▸ Activity
Copy every line from the material below that holds "like".

▸ Supplied records

════════

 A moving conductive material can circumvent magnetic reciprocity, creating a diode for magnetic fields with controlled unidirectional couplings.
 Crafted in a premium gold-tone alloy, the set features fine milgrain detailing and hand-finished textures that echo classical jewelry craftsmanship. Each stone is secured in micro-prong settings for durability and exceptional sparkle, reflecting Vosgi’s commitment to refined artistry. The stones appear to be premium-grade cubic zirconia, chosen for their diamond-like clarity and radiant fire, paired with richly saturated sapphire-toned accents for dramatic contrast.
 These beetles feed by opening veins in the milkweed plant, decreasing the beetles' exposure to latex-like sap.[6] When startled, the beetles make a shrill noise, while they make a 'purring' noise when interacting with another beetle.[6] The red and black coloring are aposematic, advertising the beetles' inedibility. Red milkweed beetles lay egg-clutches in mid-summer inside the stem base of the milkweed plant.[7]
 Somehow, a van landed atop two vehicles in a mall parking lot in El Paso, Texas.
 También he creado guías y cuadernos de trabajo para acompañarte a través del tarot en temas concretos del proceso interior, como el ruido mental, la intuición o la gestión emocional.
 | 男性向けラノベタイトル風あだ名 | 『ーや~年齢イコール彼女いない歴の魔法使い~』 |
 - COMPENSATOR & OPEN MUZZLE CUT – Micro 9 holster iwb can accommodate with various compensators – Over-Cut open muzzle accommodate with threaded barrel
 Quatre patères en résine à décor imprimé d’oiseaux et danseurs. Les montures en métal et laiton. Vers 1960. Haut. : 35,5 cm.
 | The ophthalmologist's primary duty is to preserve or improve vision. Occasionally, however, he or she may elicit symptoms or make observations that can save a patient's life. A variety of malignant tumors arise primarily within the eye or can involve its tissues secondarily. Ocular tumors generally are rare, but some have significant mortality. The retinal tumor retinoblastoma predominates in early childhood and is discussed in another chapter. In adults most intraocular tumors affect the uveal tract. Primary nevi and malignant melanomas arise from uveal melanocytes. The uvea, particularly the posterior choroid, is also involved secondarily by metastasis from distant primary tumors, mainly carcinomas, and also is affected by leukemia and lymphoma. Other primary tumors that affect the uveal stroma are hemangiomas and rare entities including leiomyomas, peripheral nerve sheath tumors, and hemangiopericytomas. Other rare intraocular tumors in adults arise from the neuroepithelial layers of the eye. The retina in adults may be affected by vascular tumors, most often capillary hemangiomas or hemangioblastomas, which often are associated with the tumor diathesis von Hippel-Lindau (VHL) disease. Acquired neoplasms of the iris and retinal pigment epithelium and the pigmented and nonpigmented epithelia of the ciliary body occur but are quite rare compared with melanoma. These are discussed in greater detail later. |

════════

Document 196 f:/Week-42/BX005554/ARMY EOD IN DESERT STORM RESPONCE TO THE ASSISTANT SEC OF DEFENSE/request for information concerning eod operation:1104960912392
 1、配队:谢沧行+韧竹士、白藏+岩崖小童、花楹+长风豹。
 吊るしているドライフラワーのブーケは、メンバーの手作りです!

════════

▸ Your solution
 Crafted in a premium gold-tone alloy, the set features fine milgrain detailing and hand-finished textures that echo classical jewelry craftsmanship. Each stone is secured in micro-prong settings for durability and exceptional sparkle, reflecting Vosgi’s commitment to refined artistry. The stones appear to be premium-grade cubic zirconia, chosen for their diamond-like clarity and radiant fire, paired with richly saturated sapphire-toned accents for dramatic contrast.
 These beetles feed by opening veins in the milkweed plant, decreasing the beetles' exposure to latex-like sap.[6] When startled, the beetles make a shrill noise, while they make a 'purring' noise when interacting with another beetle.[6] The red and black coloring are aposematic, advertising the beetles' inedibility. Red milkweed beetles lay egg-clutches in mid-summer inside the stem base of the milkweed plant.[7]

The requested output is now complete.